To Outline, or Not, or How Much?

Right over here (in the comments to the Livejournal version of this blog), Obadiah and I got to talking about something I’d been meaning to riff on a little bit, so here’s an opportunity.

The question is about the value and importance of outlining (or at least advance planning) when writing fiction.

Those in favor of outlining feel it’s too easy (without an outline) to meander around aimlessly, and follow digressions that seem appealing to the writer in some way. One minute you’re writing a story about a character who was headed somewhere, and eventually you realize the guy has been pursuing something tangential for 1,200 words. Some of the words may have been fun to right, but in the best case you’ll cut them (thus wasting a lot of work) and in the worst case you’ll leave them in there because you love them (thus putting the reader to sleep for those 3-4 pages).

Those against, also known as “freestylers,” argue that the fun in the creative process derives from exploration, and if you’re following a pre-Mapquested route, it becomes boring and it’s hard to get motivated to keep going. Also, some argue their subconscious will come up with interesting new twists they might never have discovered had they remained bound to an outline.

I used to be a freestyler, and now I’m an outliner. As I’ve mentioned numerous times before in this blog, my early writing involved too much wank. That is, I spent too much of my writing time just doing what felt good — fun, banter-y dialogue, cool people, inventive locales. The problem is, the stories usually amounted to little more than mood pieces. They had no cumulative impact.

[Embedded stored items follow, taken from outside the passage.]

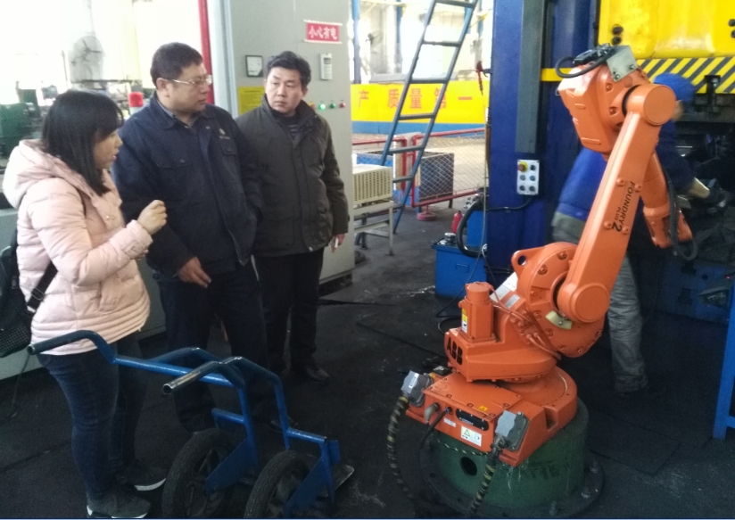 2016年12月14日,机电工程系派出工业机器人技术专业负责人李琦、数控技术专业负责人魏林、实训中心主任杜世法三位老师教师赴兴城市粉末冶金有限公司考察交流。我院教师向企业介绍了学院的办学情况、机电工程系的专业设置与人才培养情况。该公司李希良总经理向考察组介绍了企业的发展历史、经营情况,并带领教师参观了各生产车间与生产设备。该企业生产设备主要有各型数控机床、工业机器人、冲压模具等,与机电工程系各专业契合度较高。该企业接下来还要进行自动生产线的改进,并向智能制造方向加大投入力度。
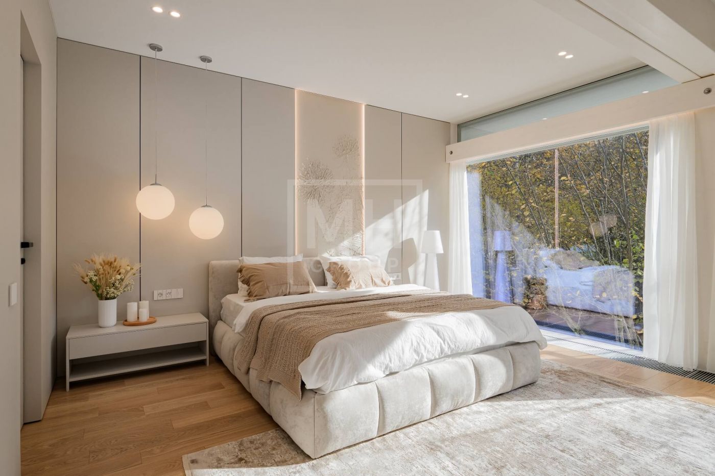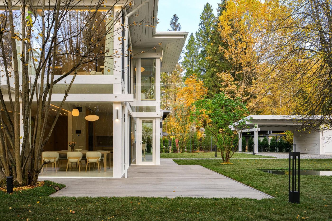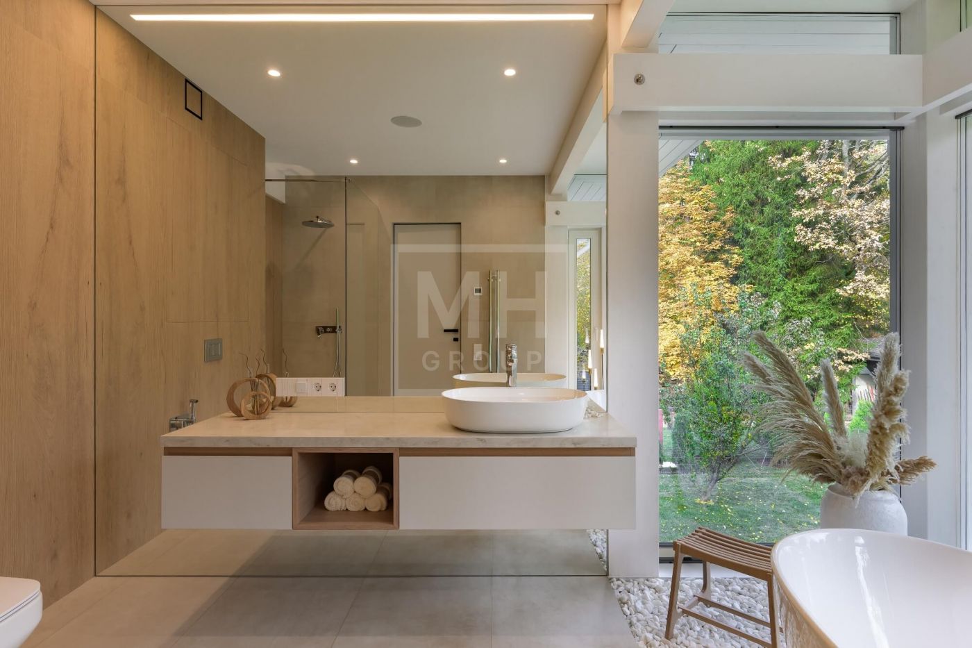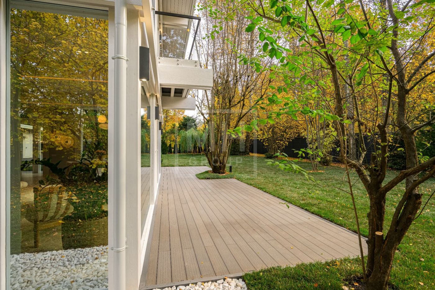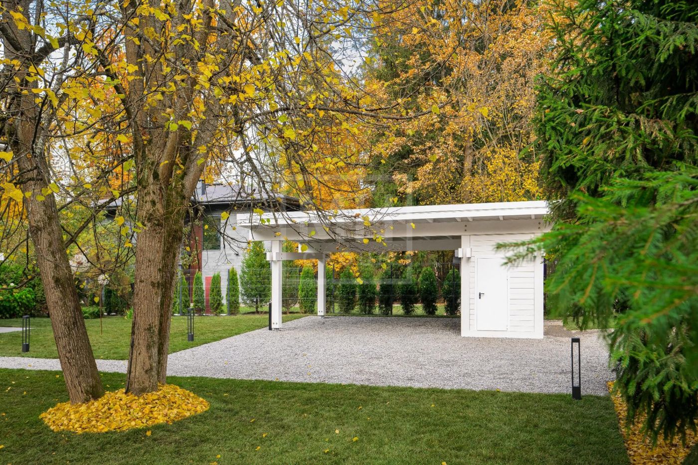 На участке 15,3 сотки сделаны дренаж, дорожки, рулонный газон Люкс, ландшафтный свет. Парковка для 4х автомобилей на территории и дистанционно управляемые ворота. Дополнительно на участке выделено место и подведены коммуникации для строительства бани/гаража/дома для персонала.
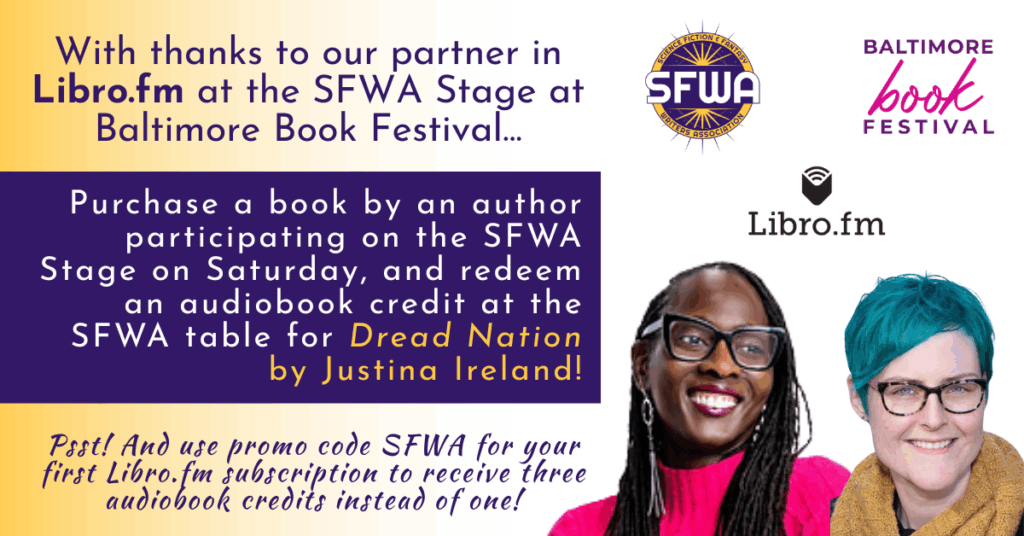 It’s going to be a great weekend on the East Coast. Make sure you check out the full lineup of SFWA events at the Baltimore Book Festival.
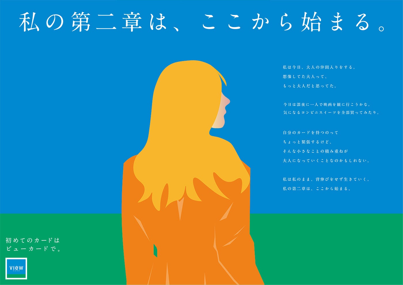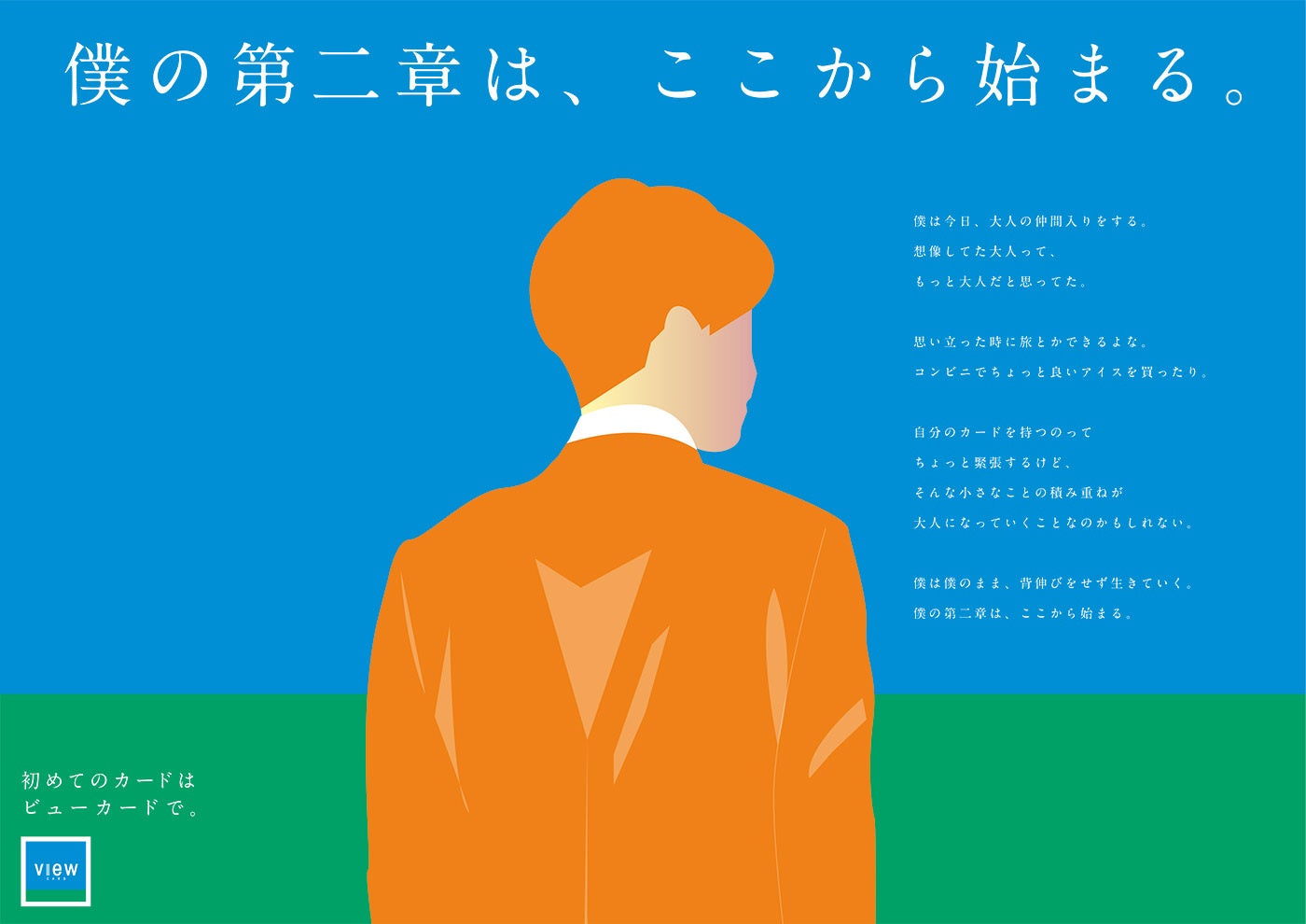 制作者コメント:「等身大の自分」をテーマに、新社会人の期待や不安に寄り添う広告を提案。広がる未来へ踏み出す後ろ姿と、「第二章は、ここから始まる。」の言葉で共感を呼びます。ビューカードが新たな一歩をそっと後押しする存在として伝わるようにしました。

Writers who can sit down and freestyle, who intuitively spin compelling plots, and whose stories end up in a place that makes perfect sense once you look back at the setup and the character in the beginning, are lucky writers indeed. I don’t doubt such creatures exist, but I ain’t them.

In my opinion, the trick (which I’m still trying to perfect myself) is to outline and plan in advance just enough to keep the writer on track. I want to give myself just enough of a hint of a destination off on the horizon that I can make my way, not wander too far off course, and yet “freestyle” a bit en route. I love the little details of discovery a writer makes when they come to a “what next?” moment in the story, when the subconscious scrambles to fill in a blank and comes up with something much more compelling, on the fly, than anything that could’ve been outlined in advance of wading into the scene.

Another way of putting it would be, you should know some important things about your characters before you start, have a general idea of where the plot will end up, then let yourself freestyle from point to point until you get to that ending, and be as inventive and crazy as you can along the way. Pack in as many outside-the-lines details as you can, like a jazz improviser who can go wild even though he knows he has to join back up with the rest of the group after the solo.

Keep it fun, but don’t waste time and effort going too far down blind alleys. Remember the need to make sense of it all by the end.

These are the tricks I’m working toward.